Planetary geologist (1939–2011)

Ronald Greeley (August 25, 1939 – October 27, 2011) was a Regents' Professor in the School of Earth and Space Exploration (SESE) at Arizona State University (ASU), the Director of the NASA-ASU Regional Planetary Image Facility (RPIF), and Principal Investigator of the Planetary Aeolian Laboratory at NASA-Ames Research Center. He was involved with lunar and planetary studies since 1967 and most recently focused his research on understanding planetary surface processes and geologic histories.

==Education==
Greeley earned his B.S. degree in Geology in 1962 and his M.S. degree in geology in 1963 from Mississippi State University and earned his Ph.D. in geology from the University of Missouri at Rolla in 1966.

==Career==
After receiving his Ph.D. in geology in 1966, Greeley worked for Standard Oil Company of California. Through his military service, he was assigned to NASA's Ames Research Center in 1967 where he worked in a civilian capacity in preparation for the Apollo missions to the Moon. He remained at NASA to conduct research in planetary geology. With the results of the planetary missions in the early 1970s, attention shifted to Mars and research on volcanism and aeolian processes through the analysis of Mariner 6, 7, and 9 data. He became a science team member on the Mars Viking mission from 1976 through 1980.
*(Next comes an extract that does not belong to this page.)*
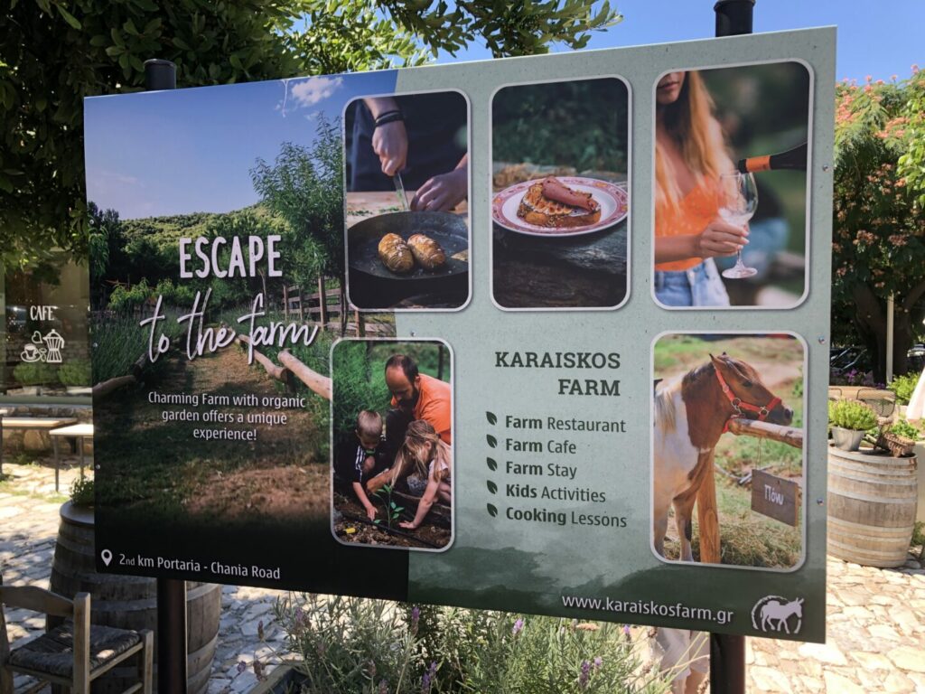 Na farmě je všechno přizpůsobeno pro turistiku, která je také hlavním zdrojem příjmů. Zelenina a ovoce jsou v biokvalitě a návštěvníci mohou ochutnat přímo ze stromu nebo keře či záhonu. Živočišnou výrobu zastupuje chov ovcí, prasat, poníků a oslů. Ve vesnici má farma svojí restauraci, kavárnu a minimarket. Na farmě pracují členové jedné rodiny, kteří do jejího vybudování a provozu vložili veškeré úspory. Největší finanční přínos mají v současné době kurzy vaření, jež jsou celou sezónu vyprodané. Úspěšné jsou také sobotní trhy s prodejem výrobků a ukázkami zpracování. Farma dále nabízí jízdy na ponících, ochutnávky vína, svatby, prodej specialit a suvenýrů. Plány do budoucna se týkají hlavně rozšíření ubytování. Velmi doporučujeme návštěvu těm, kteří podobné podnikání už provozují nebo by s ním chtěli začít. Seznámit se podrobněji s farmou lze na internetových stránkách www.karaiskosfarm.gr.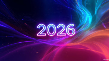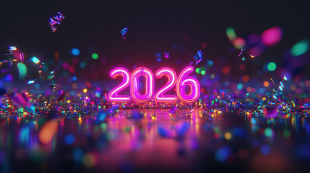 A lively and colorful 2026 celebration scene featuring vibrant neon lights and glittering confetti, perfect for festive events and joyful occasions.

In 1977, Greeley joined the faculty at Arizona State University with a joint professorship in Geology and the Center for Meteorite Studies. His latest research focused on the wind processes on Earth, Mars, Venus, and Titan, field studies of basaltic volcanism, and photogeological mapping of the planets and satellites including Europa. He was also a science team member on the Mars Exploration Rover program and the European Space Agency's Mars Express mission.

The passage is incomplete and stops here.